# bizzare or exotic medieval vocal music of choice ?



## deprofundis (Apr 25, 2014)

Well *Mozarabic Chants *was so odd, like a mix of tradition between european and moorish tribes, since this is music from southern spain al-andalous.So the result of all of this is mystical blend of occident meet orient.

The way they sing is kind of unusual and foreign sounding may i dare say exotic.What a strange music
we have here.

What can i says im looking for odd music and like exotism in medieval classic genra, so this is my cup of tea.Well speaking of tea i will be enjoying a twinings ''vanilla Chai'' flavored tea.It will fit whit the moment.

You guys heard this album , im mind blownen what about you guys.I never been so trill by an album since* Le graduel d'Aliénor de Bretagne *.

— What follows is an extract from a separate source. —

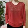 Herbst Damen V-Ausschnitt Übergröße Pullover Strass Langarm Locker Gestricktes Oberteil Pullover Strickware

Have a nice day or night whatever suit you :tiphat:


----------



## Il_Penseroso (Nov 20, 2010)




----------



## deprofundis (Apr 25, 2014)

woaw Alfonso X El sabio one of the greatest spanish composer of medieval lore, i have another version of this but i would love to get the naxos, but im afraid it's out of print, ensemble unicorn on this cd most be mind blowing.


----------



## Il_Penseroso (Nov 20, 2010)

deprofundis said:


> woaw Alfonso X El sabio one of the greatest spanish composer of medieval lore, i have another version of this but i would love to get the naxos, but im afraid it's out of print, ensemble unicorn on this cd most be mind blowing.


Great ensemble, great Countertenor performance (Bernhard Landauer)


----------